Scientific classification
- Kingdom: Animalia
- Phylum: Mollusca
- Class: Gastropoda
- Order: Stylommatophora
- Family: Oreohelicidae
- Genus: Oreohelix
- Species: O. cooperi
- Binomial name: Oreohelix cooperi (William Binney, 1858)

= Oreohelix cooperi =

- Genus: Oreohelix
- Species: cooperi
- Authority: (William Binney, 1858)
- Conservation status: G3

Species of snail

Oreohelix cooperi, also known as Cooper’s rocky mountainsnail or the Black Hills mountainsnail, is a critically endangered species of land snail that lives in the Rocky Mountain Ranges and Great Plains of North America. Oreohelix cooperi is a hermaphroditic land snail that possesses low adult vagility and dispersal larvae stage. Due to this spatial restriction, the decreased ability for O. cooperi to migrate leads it to being an endemic species to the Black Hills region.

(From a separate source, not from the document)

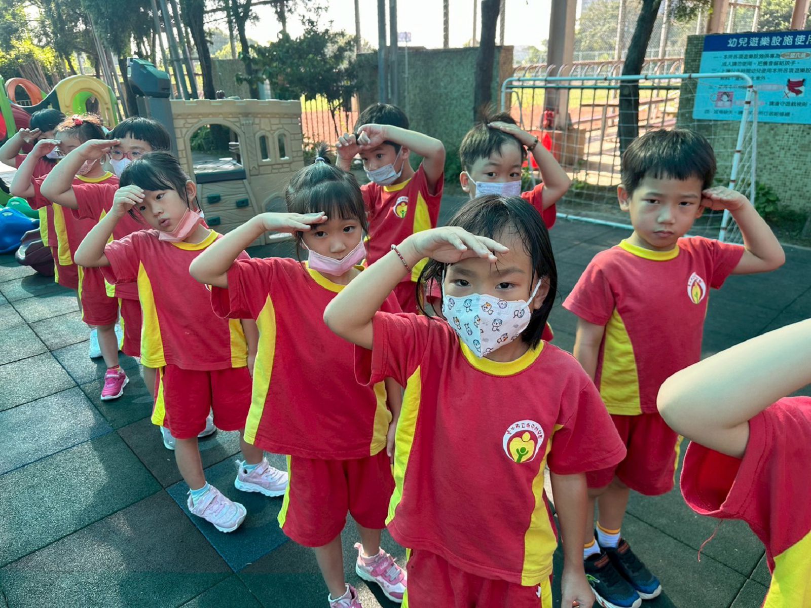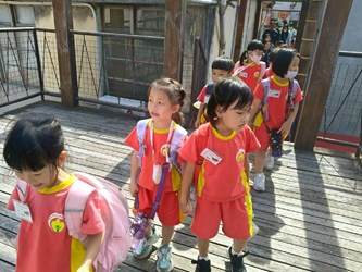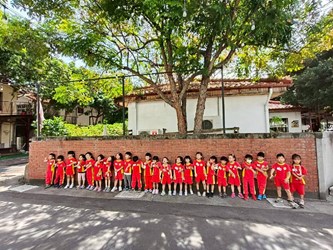 我們跟紅磚牆合照

== Physical description ==
Oreohelix cooperi is in the phylum Mollusca, class Gastropoda, and order Stylommatophora. Within the Oreohelix genus, there are approximately 40-70 different species of land snail. Characteristics of land snails include shells that vary in height and breadth, as well as vary in roundness and flatness. The parts of the shell include a body whorl, spire, and apex. The size of most large mountain land snails species is >5cm. For O. cooperi, differences in shell size can be attributed to environmental factors, such as varying soil calcium concentrations. Differences in size of the adults could be caused by differences in average temperature as well as shell density. There is little genetic structure across its geographic range.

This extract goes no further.